PROMPT. The lines from the one containing "뉴스팍 배상미 기자 |" through the last one in the data: please copy those exactly, and only those, without the pictures.

***** MATERIAL PROVIDED

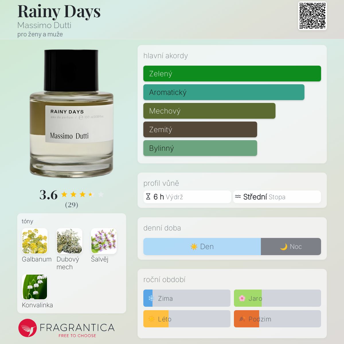 Rainy Days podle Massimo Dutti je Aromatic Green vůně pro ženy a muže. Toto je nová vůně. Rainy Days byl/a uveden/a v roce 2025. Vrchní tón je Šalvěj ; střední tóny jsouGalbanum a Konvalinka ; základní tón je Dubový mech.
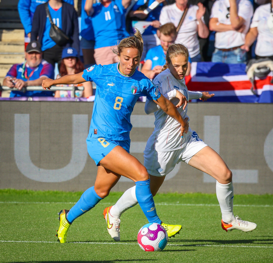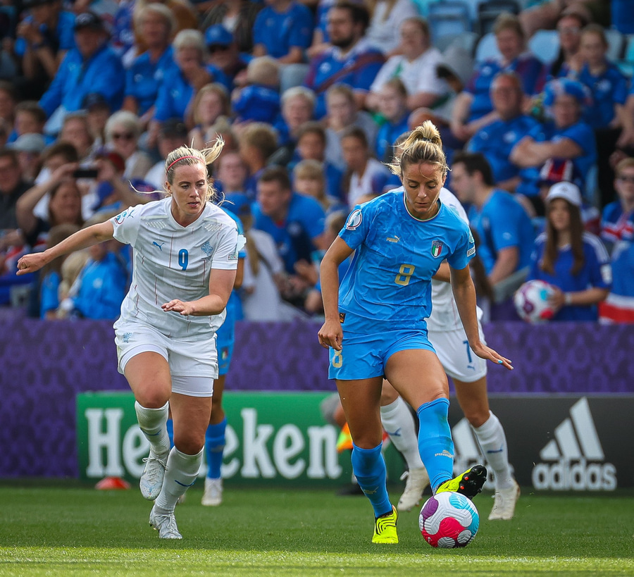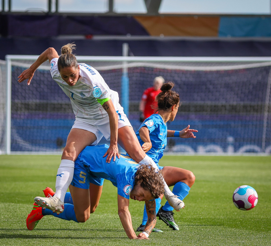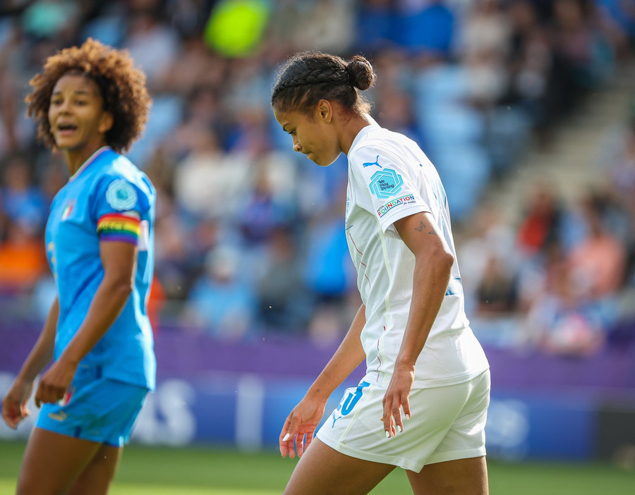 Ítalía steinlá gegn Frakklandi í sínum fyrsta leik í mótinu. Liðið var 5-0 undir gegn Frökkum í hálfleik. Það var svo varamaðurinn Martina Piemonte sem skoraði sárabótamark fyrir Ítalíu á 76. mínútu, minnkaði muninn í 5-1 og þar við sat.
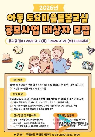 뉴스팍 배상미 기자 | 광명시 광명6동 행정복지센터는 오는 21일까지 ‘2026년 아동 토요마을돌봄교실 공모사업’에 참여할 주민 가족 모임 20개 팀을 모집한다.
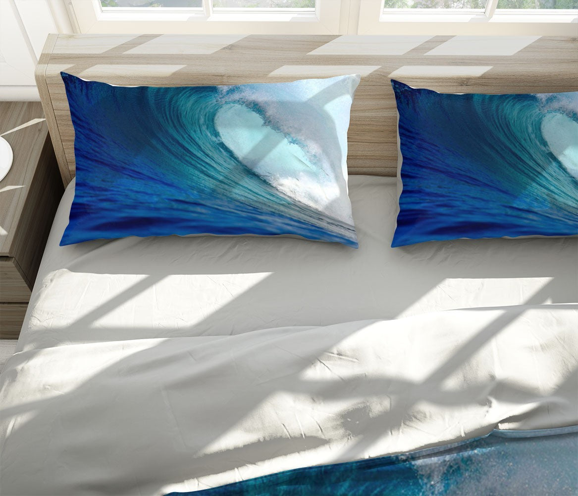 Big Wave Duvet Cover Set W Pillow Cover, Blue Beach Wave 3D Quilt Cover, Single Double Queen King Size Doona Cover
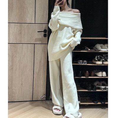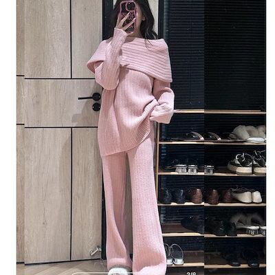 新作 シンプル 通勤 レディースセットアップ ニット セーター トップス ワイドパンツ 二点セット 気質 セット 大きめサイズ7

**********

EXERCISE SOLUTION.
 뉴스팍 배상미 기자 | 광명시 광명6동 행정복지센터는 오는 21일까지 ‘2026년 아동 토요마을돌봄교실 공모사업’에 참여할 주민 가족 모임 20개 팀을 모집한다.
 Big Wave Duvet Cover Set W Pillow Cover, Blue Beach Wave 3D Quilt Cover, Single Double Queen King Size Doona Cover
 新作 シンプル 通勤 レディースセットアップ ニット セーター トップス ワイドパンツ 二点セット 気質 セット 大きめサイズ7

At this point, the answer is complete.